The developer on Wednesday announced it is raising the discount for the 30 units on offer at The Mediterranean project in Sai Kung to up to 26 per cent, from December’s 14.5 per cent. Buyers will also receive a first mortgage loan of up to 85 per cent, up from the earlier 80 per cent, of flat value. Read more>>
Big 4 Aussie Bank Stops Lending to Foreign Homebuyers
Banking giant Westpac has stopped lending to foreign property buyers in a surprise move that is likely to spark concerns about a slowdown in residential construction, particularly in capital city apartments.

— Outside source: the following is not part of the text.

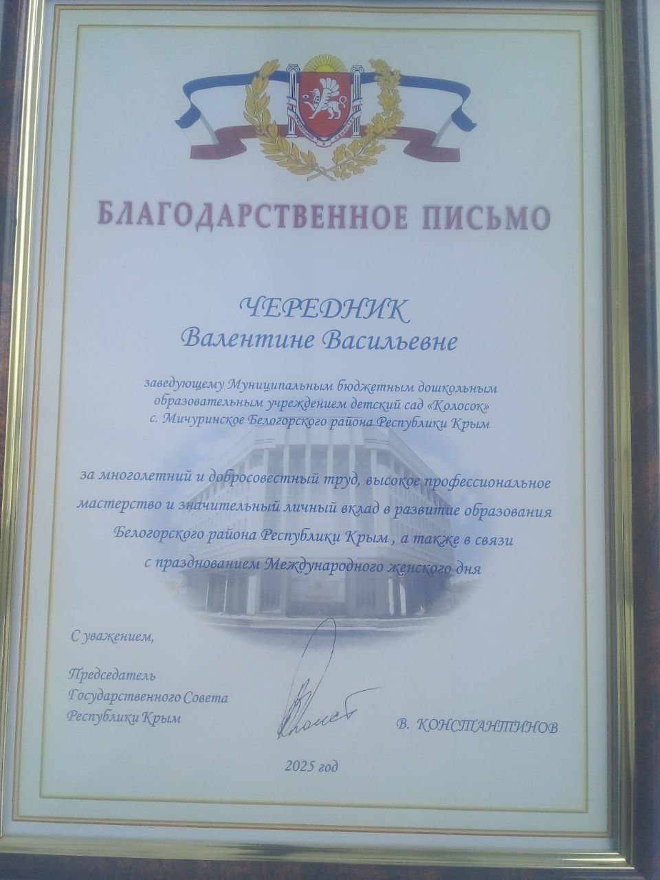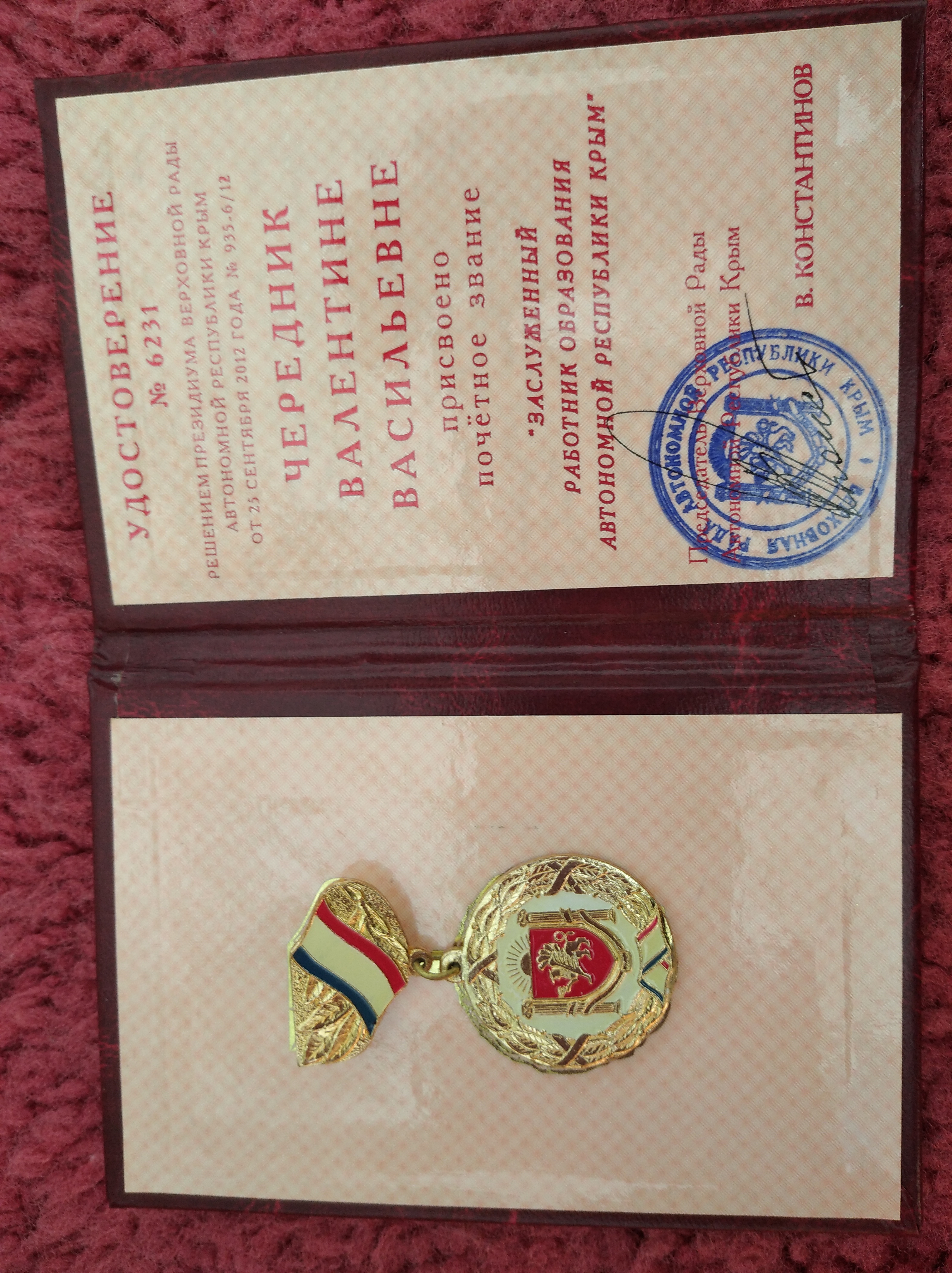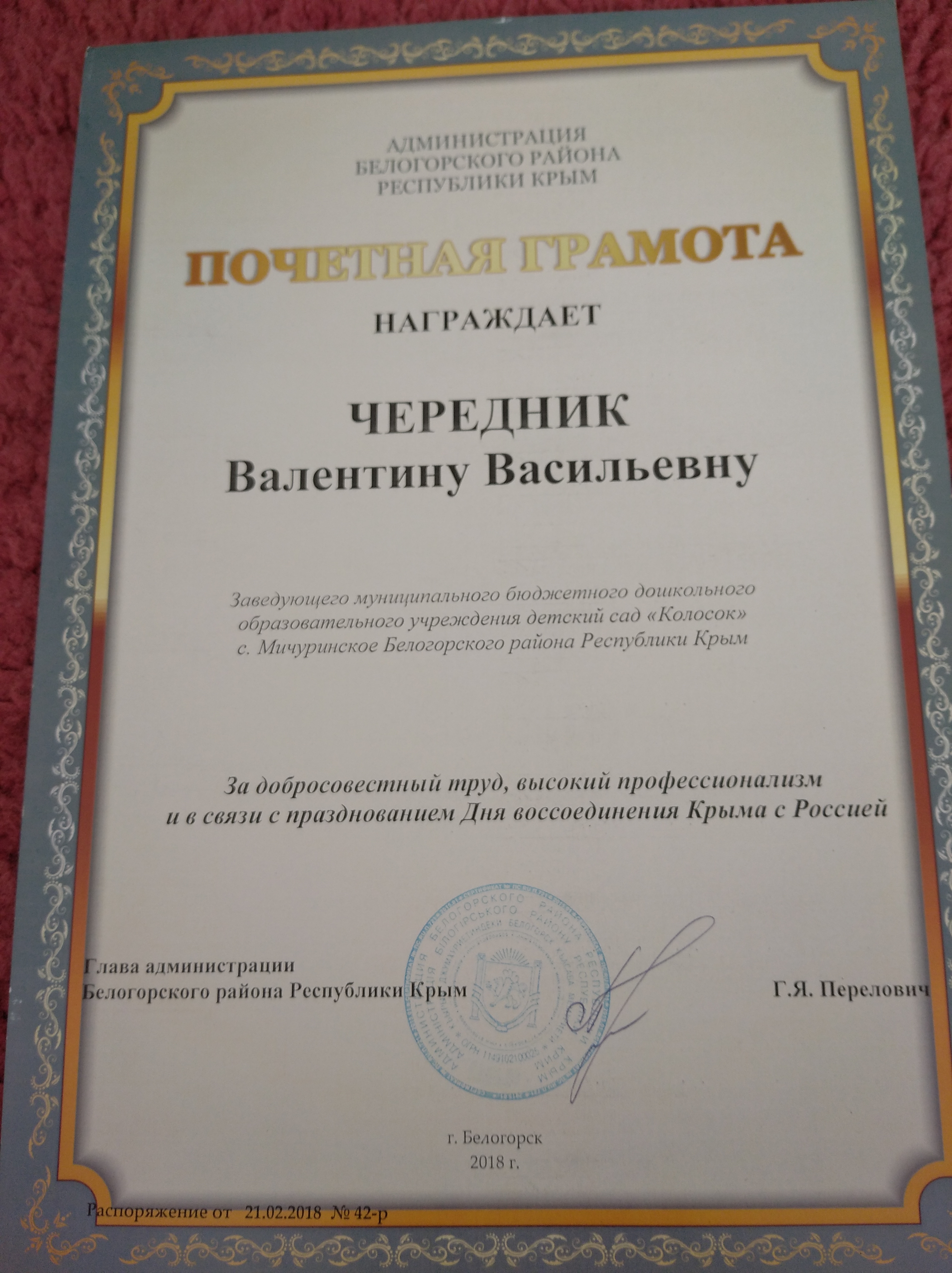 Награждается заведующий МБДОУ д/ "Колосок" с.Мичуринское Чередник Валентина Васильевна за многолетний добросовестный труд, высокий профессионализм, значительный вклад в развитие и совершенствование системы образования Республики Крым.

Australia’s apartment construction boom is being underpinned by a wave of foreign buyers, with many borrowing from local banks to fund part of their home purchase. Read more>>
Chinese Developers Still Shopping for Australian Projects Despite Downturn
Chinese property investors remain interested in the Sydney and Melbourne markets despite a recent housing slowdown, an Australian architect working with Chinese developers says.
Despite recent official warnings of a property slowdown, Chinese developers are still interested in putting their money into new Australian residential developments, architect Drew Dickson says. Read more>>
Tune in again tomorrow for more news, and be sure to follow @Mingtiandi on Twitter for headlines as they happen.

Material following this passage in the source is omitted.